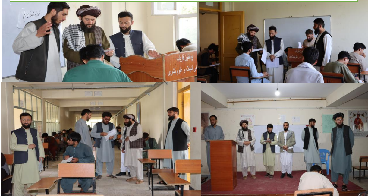
نظارت از جریان اخذ امتحانات برنامه شبانه این پوهنچی.
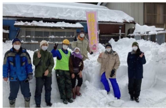
日常生活を支える仕組みづくり 【除雪ボランティア】
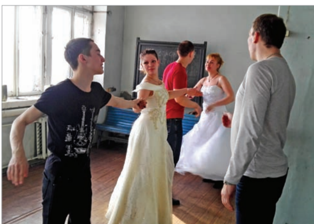
На репетиции команды 6-го цеха

Напомним, для участия в конкурсе заявляли команды второго, шестого, седьмого цехов, ПКУ, сборная «НАГАЛАМА», а также сборная профкома.
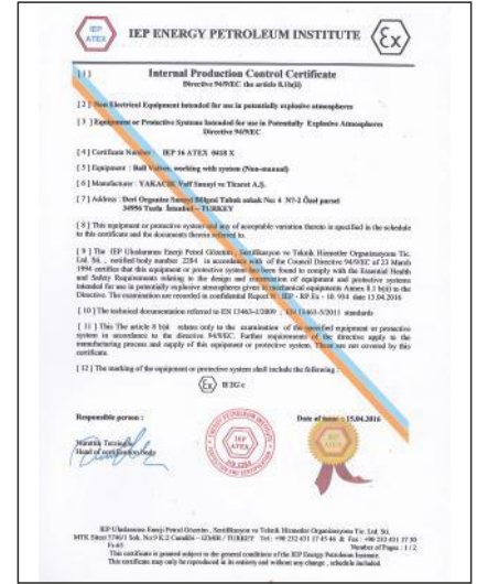
ATEX 94/9/EC the article 8.1b(ii)
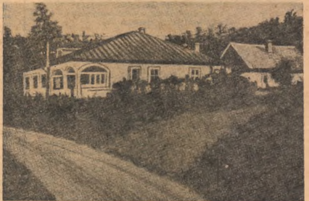
Casa de la Mircești a vornicului Vasile Alecsandri

Într-adevăr, la fiecare pas vezi semnele vieții noi: gara modernă și magazinul universal, sanatoriul de copii renovat și căminul cultural în construcție, șoselele pietruite și zecile de case noi, ridicate de gospodari harnici și pricepuți, care au schimbat înfățișarea locurilor. În noua școală de 7 ani, cu săli spațioase și luminoase, versurile poetului sună parcă mai armonioase, pline de farmec și noi înțelesuri. Și cînd te gîndești că pe vremea lui Alecsandri și pînă cu ani în urmă, sutele de analfabeți din Mircești îi cunoșteau versurile nu din citite, ci din auzite, de la unul și de la altul, minunîndu-i deopotrivă prin simplitatea și farmecul cu care vorbeau despre ei și natura înconjurătoare. Azi rar găsești o casă de gospodar din Mircești fără măcar cîteva cărți de-ale lui Alecsandri, iar pe fiecare din
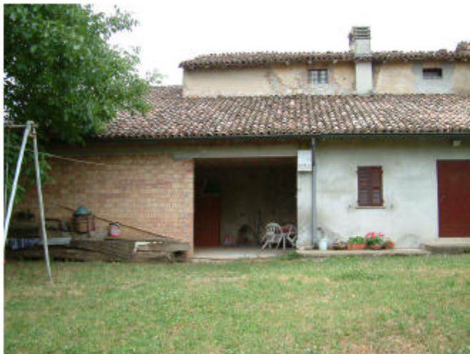
4. Edificio 1, parte 1d. Fronte nord.
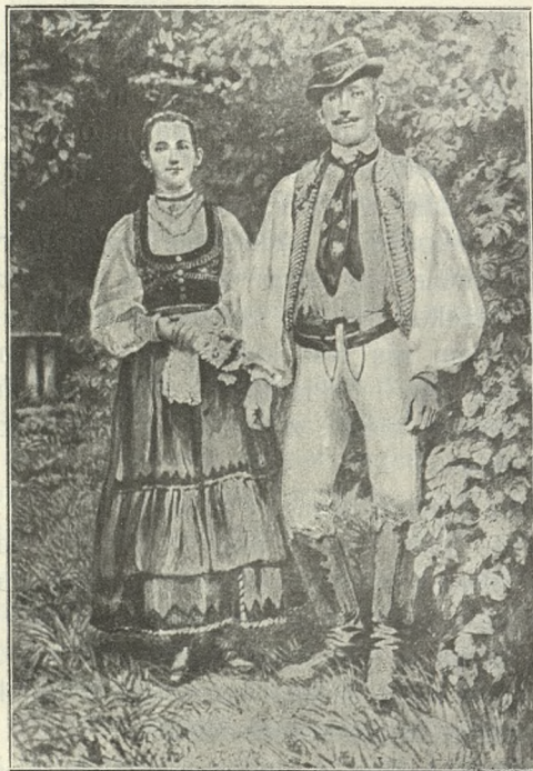
MŁODA PARA SEKLERSKA.

„Zamykam tedy moją krótką mowę, weź mnie, proszę cię, mój drogi mężu, do swego serca, do swej duszy; prowadź mnie tam, gdzie Bóg mój może moje całe życie na wieki uświęcić. Amen“.
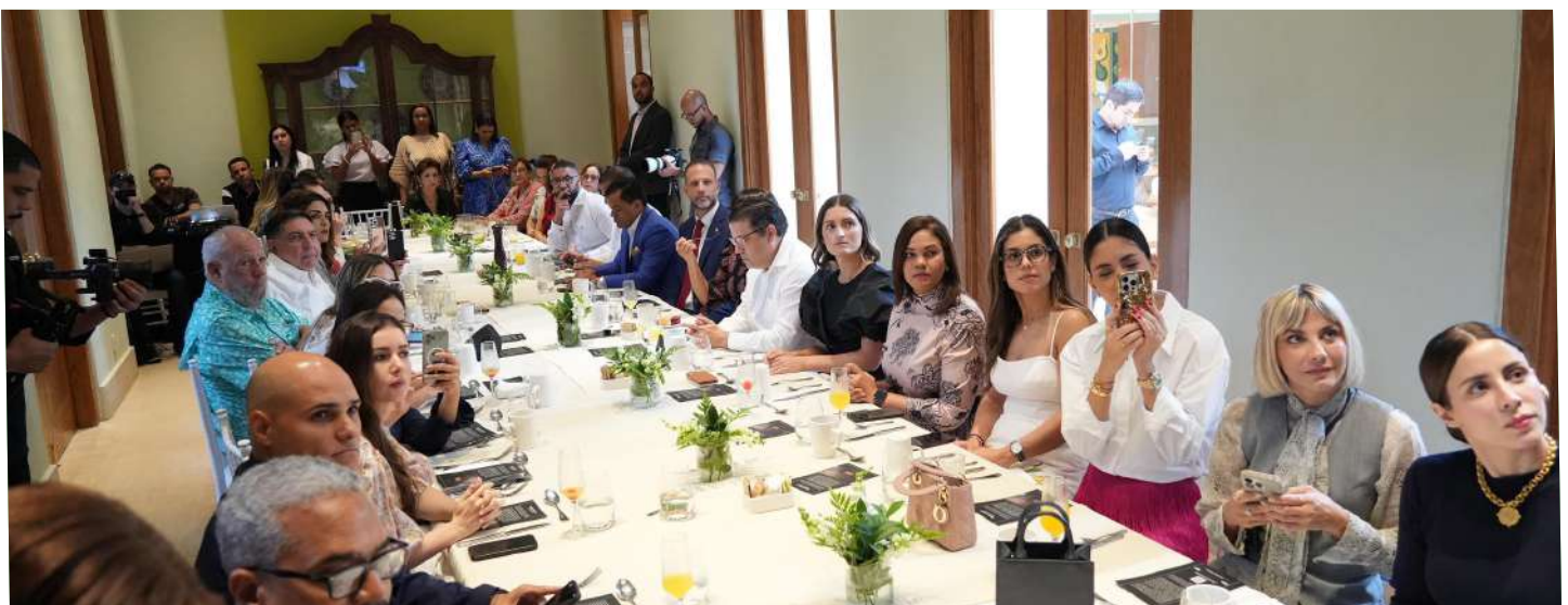
Los asistentes al evento prestando atención a la visita guiada por el Museo Virtual Miguel Cocco.

::::::::::

- **WORK TASK**:
Precisely those lines above that run from the line with "日常生活を支える仕組みづくり 【除雪ボランティア】" up to and including the line with "Casa de la Mircești" are to be set down, with the pictures omitted.

- **RESPONSE TO THIS EXERCISE**:
日常生活を支える仕組みづくり 【除雪ボランティア】
На репетиции команды 6-го цеха

Напомним, для участия в конкурсе заявляли команды второго, шестого, седьмого цехов, ПКУ, сборная «НАГАЛАМА», а также сборная профкома.
ATEX 94/9/EC the article 8.1b(ii)
Casa de la Mircești a vornicului Vasile Alecsandri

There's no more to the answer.